(Source records)

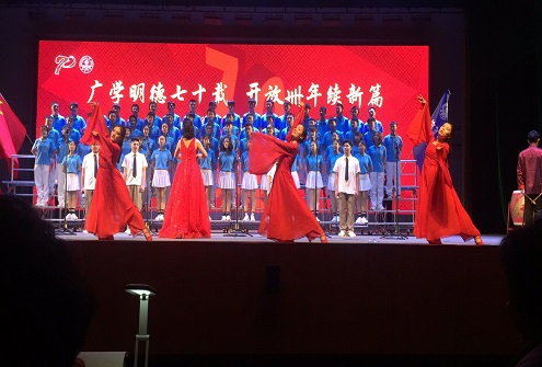 大幕拉开,两位朗诵者声情并茂,慷慨激昂,对济大七十周年诚挚的祝福声声入耳。节目伊始,在信院学子铿锵口号中,济南大学校歌《你我同行》的合唱展开帷幕。说唱者们鼓舌扬唇,爽朗激扬,于舞台驰骋,用青春的语调唱响着莘莘学子对济大热忱的爱。舞步轻盈,《我爱你中国》在舞者妙曼的舞姿中徐徐道来,如林籁泉韵,声动梁尘,热烈高亢。演唱者女声细腻,男声浑厚,在磅礴气势中述出风华正茂,芳华尚好。观众席灯光摇曳,节拍琅琅,对祖国挚爱回荡于胸腔,袅袅于礼堂,拳拳赤子之心油然而生。
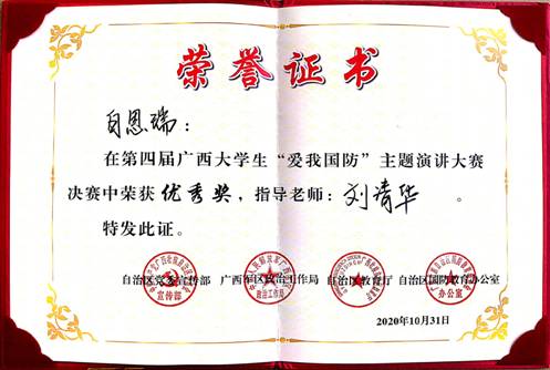 10月31日上午,由自治区党委宣传部、广西军区政治工作局、自治区教育厅、自治区国防教育办公室联合举办的广西大学生第四届“爱我国防”主题演讲大赛决赛在广西艺术学院举行。我院由武装部刘清华老师指导的外贸外语系白恩瑞同学的作品《携笔从戎终不悔,筑梦国防赤子心》从全区各大高校作品中脱颖而出,成功入围全区总决赛。
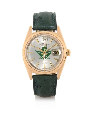 Diam. mm 36. C. 18K pink gold, screwed case back and crown, reeded bezel (very good). D. silvered with Saudi Arabia logo, applied indexes, centre seconds and date at 3 (original, very good). M. self-winding (good). Dial, case and movement signed. Accompanied by Rolex buckle.
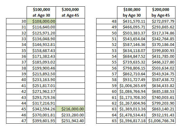 Let’s take look at a chart that shows the impact of investing $100,000 by age 30 vs. investing $200,000 by age 45 (assuming 8% average return each year). As you can see, even though the second individual invested an additional $100,000, they will have nearly $600,000 less at the age of 65… that’s a breathtaking difference!
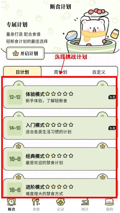 2、接着进入到断食板块中选择相应的挑战计划
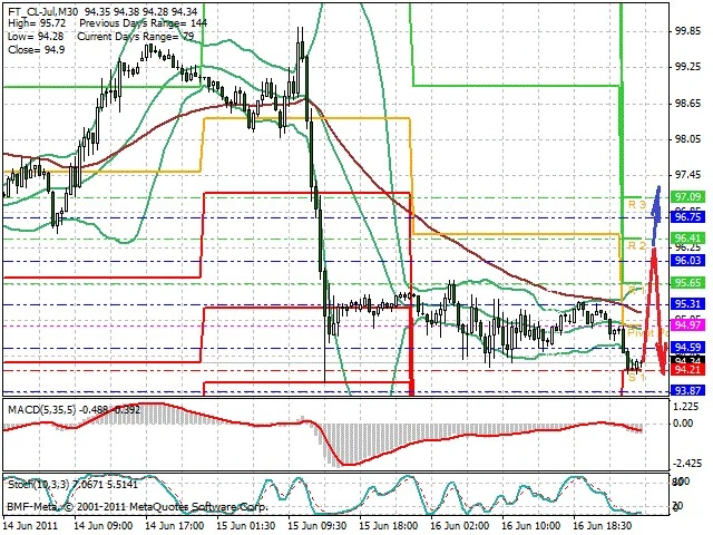 Předpokládaný pohyb pro dnešní den SHORT. Případné vstupy do obchodu z hladiny 96.2 s předpokládaným cílem 94.15, případně až 91.75. Proražení hladiny 96.2 může vést k pohybu s pravděpodobným cílem 97.1 až 98.71.
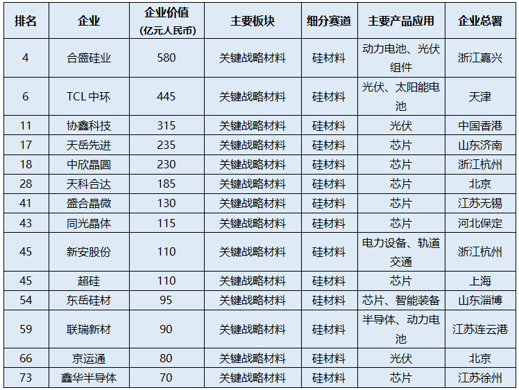 本次上榜的企業(yè)中,從行業(yè)布局來(lái)看,“關(guān)鍵戰(zhàn)略材料”企業(yè)數(shù)量最多,硅材料細(xì)分賽道涉及企業(yè)10余家。
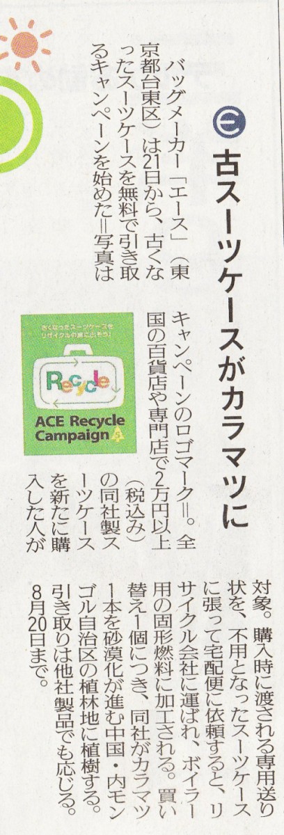 カバン製造・販売大手のエース株式会社 (代表取締役社長 森下宏明/東京都台東区/旅行バック、スーツケース、ビジネスバック、スポーツバック、ファッションバッグなどの製造、卸)は、不要になったスーツケースを無料で引き取るリサイクルキャンペーンを行 。回収したスーツケースは分解された後、燃料としてリサイクルされると同時に、スーツケース1個回収するごとにカラマツが1本植林される。
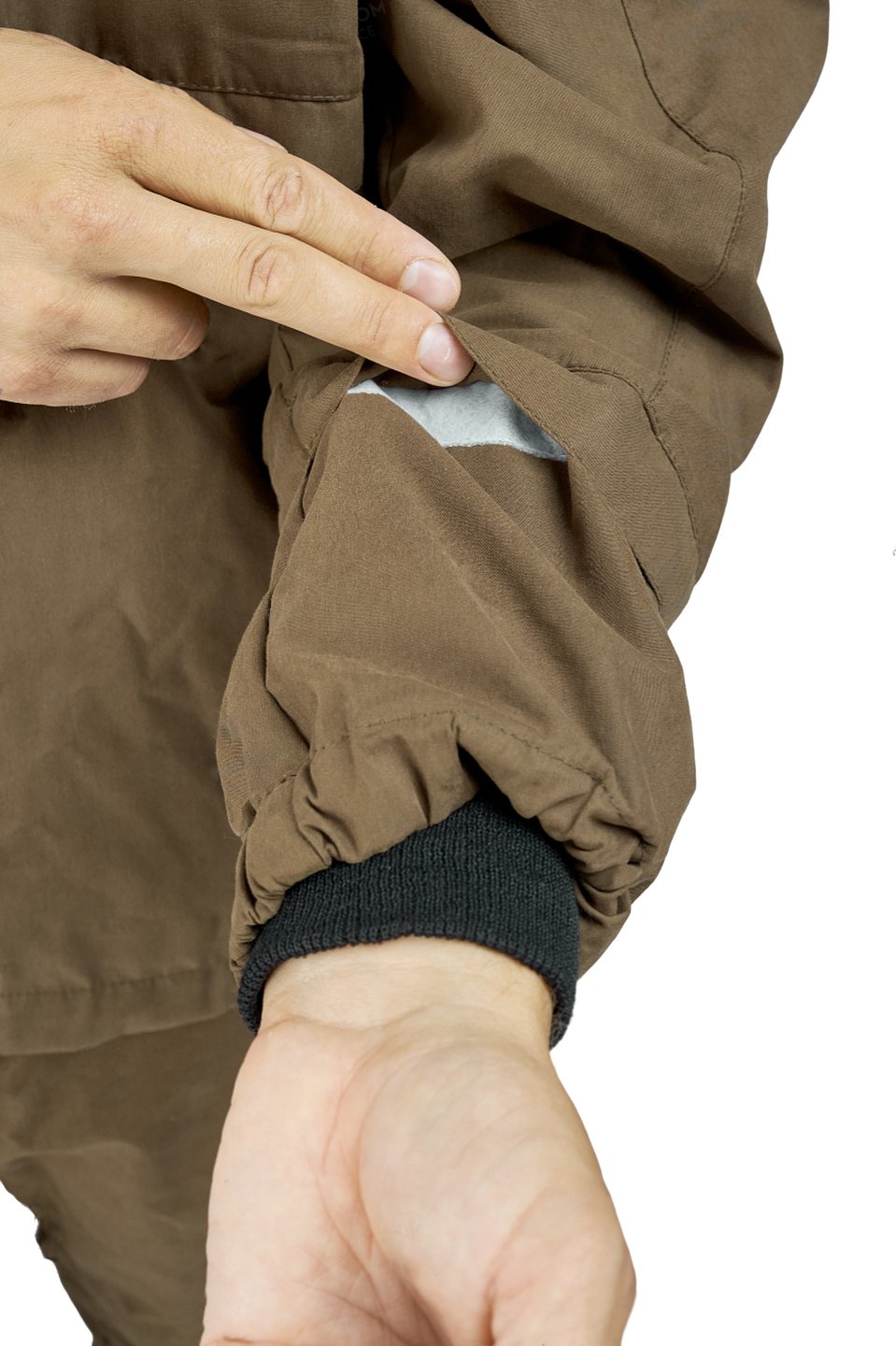 Уникальность модели заключается в том, что куртка не анорак. При этом она выполняет функции по защите от насекомых благодаря большому количеству ловушек на изделии.
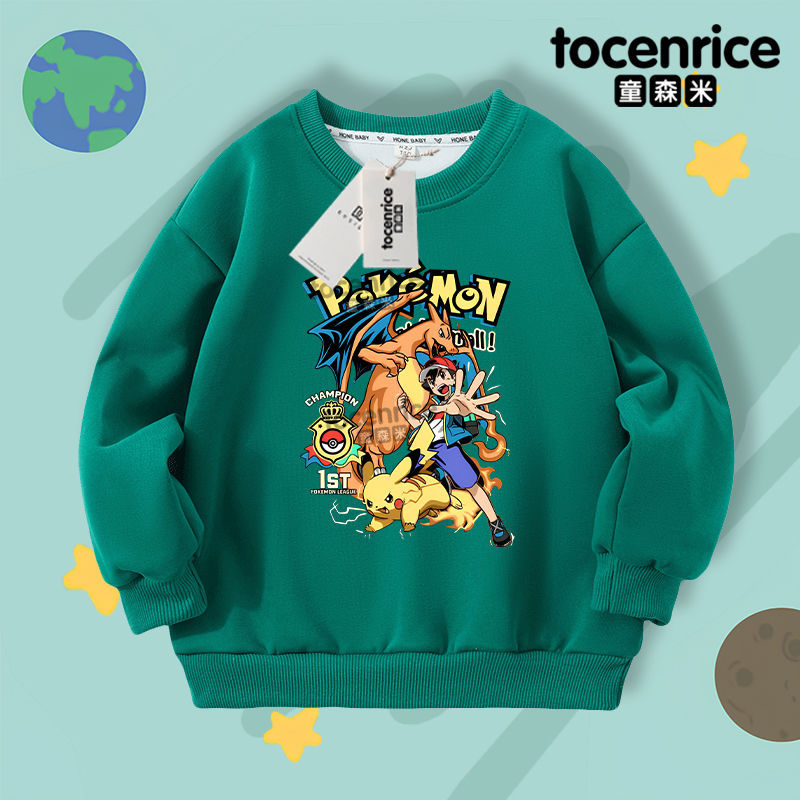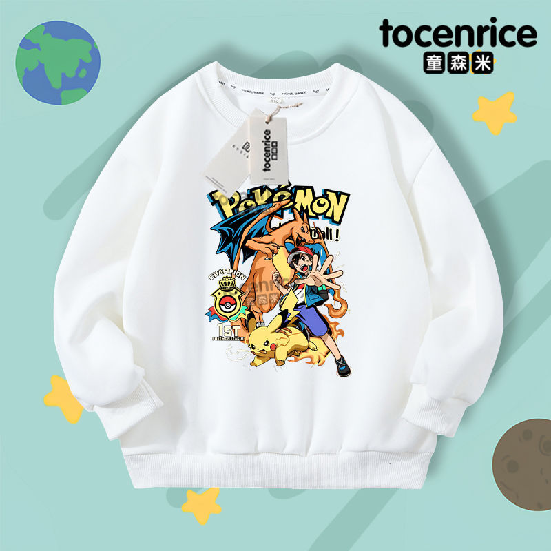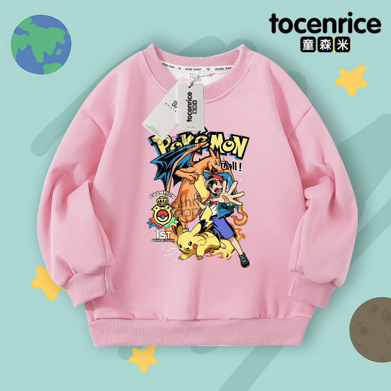 포켓몬 스웨트 셔츠 새로운 어린이 피카추 틈새 최고 가을 봄과 가을 소년 긴 소매 캐주얼스토어 가기
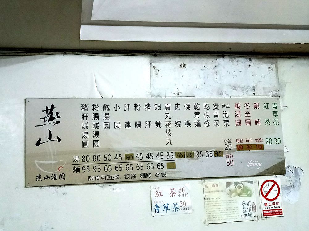 燕山湯圓是舊雙連市場裡傳承50年的好滋味,每天以自家親磨的糥米漿包入鮮肉,加上親熬的大骨湯,湯鮮皮Q內餡香。特別的是可以在湯圓中加入豬肝或粉腸,還能加麵、冬粉或板條等,是一吃會上癮的傳統好味道。
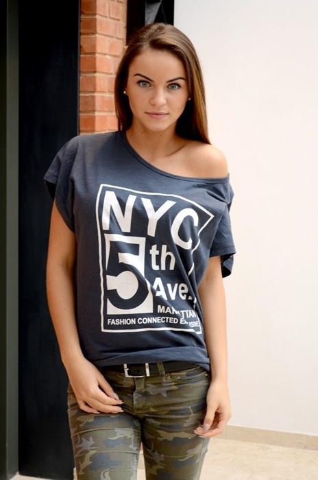 bluzka z krótkim rękawem posiadająca nadruk z przodubluzka posiada jednobarwny tył oraz ściągacze po bokachoryginalnie zapakowane z kompletem metekwykonane z najlepszych materiałówmodny design i niepowtarzalny wygląddoskonałe do licznych stylizacji na każdą okazję
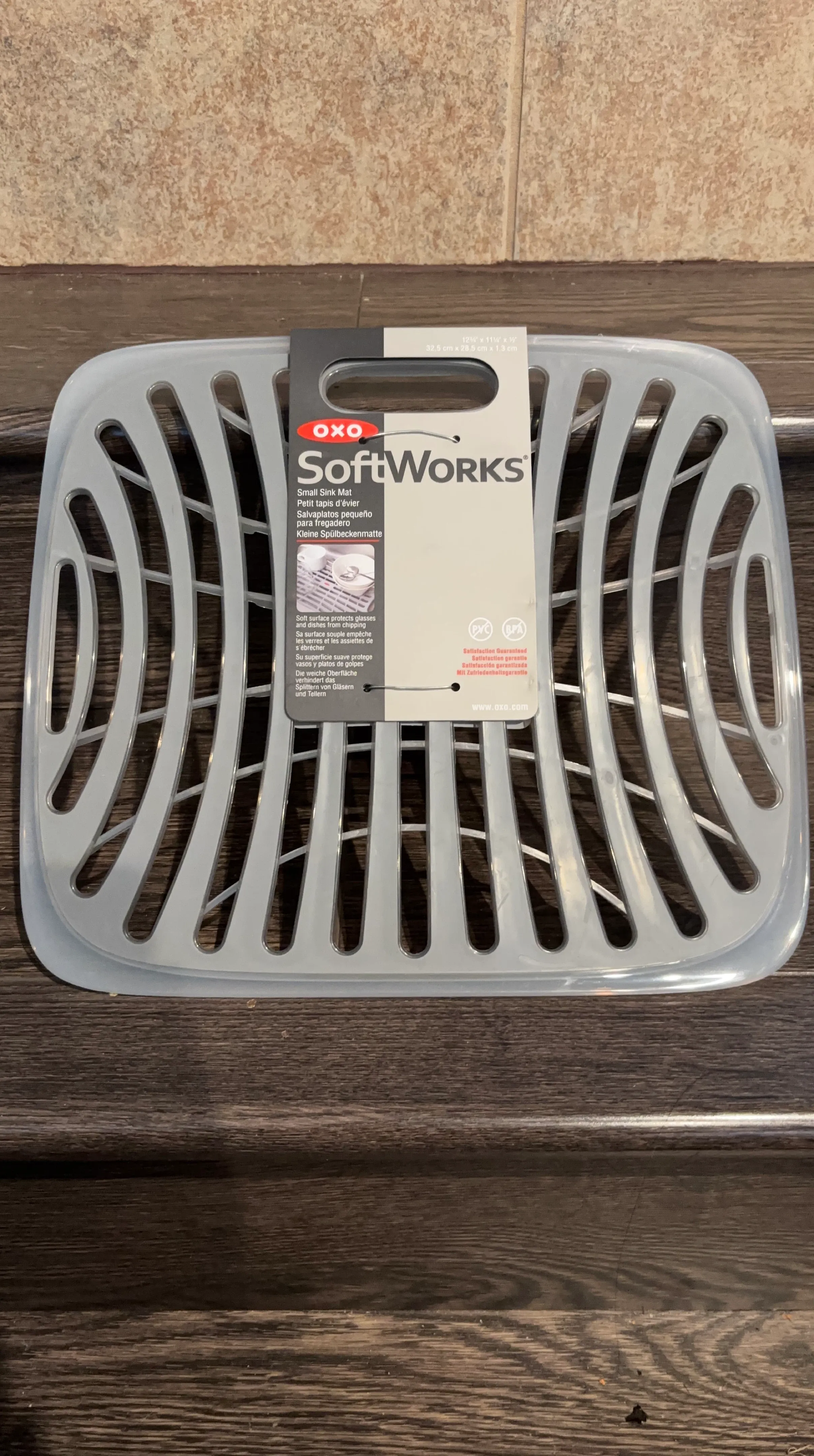 Selling an OXO SoftWorks small sink mat! This mat protects glasses and dishes from chipping, thanks to its soft surface. It measures 12 3/4" x 11 1/4" (32.5 cm x 28.5 cm x 1.3 cm). Satisfaction guaranteed!
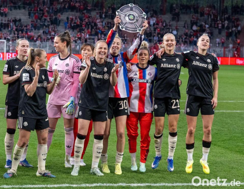 Bayern Münchens Spielerinnen jubeln nach dem Spiel gegen den 1. FC Union Berlin mit der Nachbildung einer Meisterschale über den Sieg.
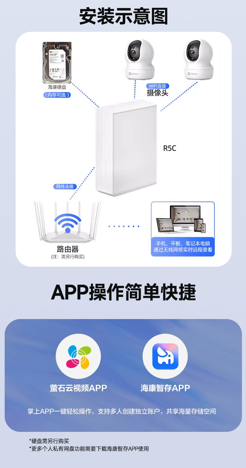 Hikvision Fluorite Cloud Nas Home Private Personal Cloud Network Storage Network Disk Video Mobile Hard Drive R5C
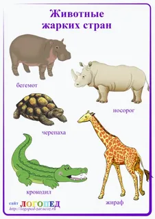 - Спросите ребенка: «Какие животные живут там, где жарко? Чем они питаются? Кого из них ты видел в зоопарке?»

:: ASSIGNMENT ::
All lines above from the one containing "Bayern Münchens Spielerinnen" up to and including the one containing "Hikvision Fluorite Cloud" are to be set down exactly, and nothing else. Leave images out.

:: SOLUTION TO THIS TASK ::
 Bayern Münchens Spielerinnen jubeln nach dem Spiel gegen den 1. FC Union Berlin mit der Nachbildung einer Meisterschale über den Sieg.
 Hikvision Fluorite Cloud Nas Home Private Personal Cloud Network Storage Network Disk Video Mobile Hard Drive R5C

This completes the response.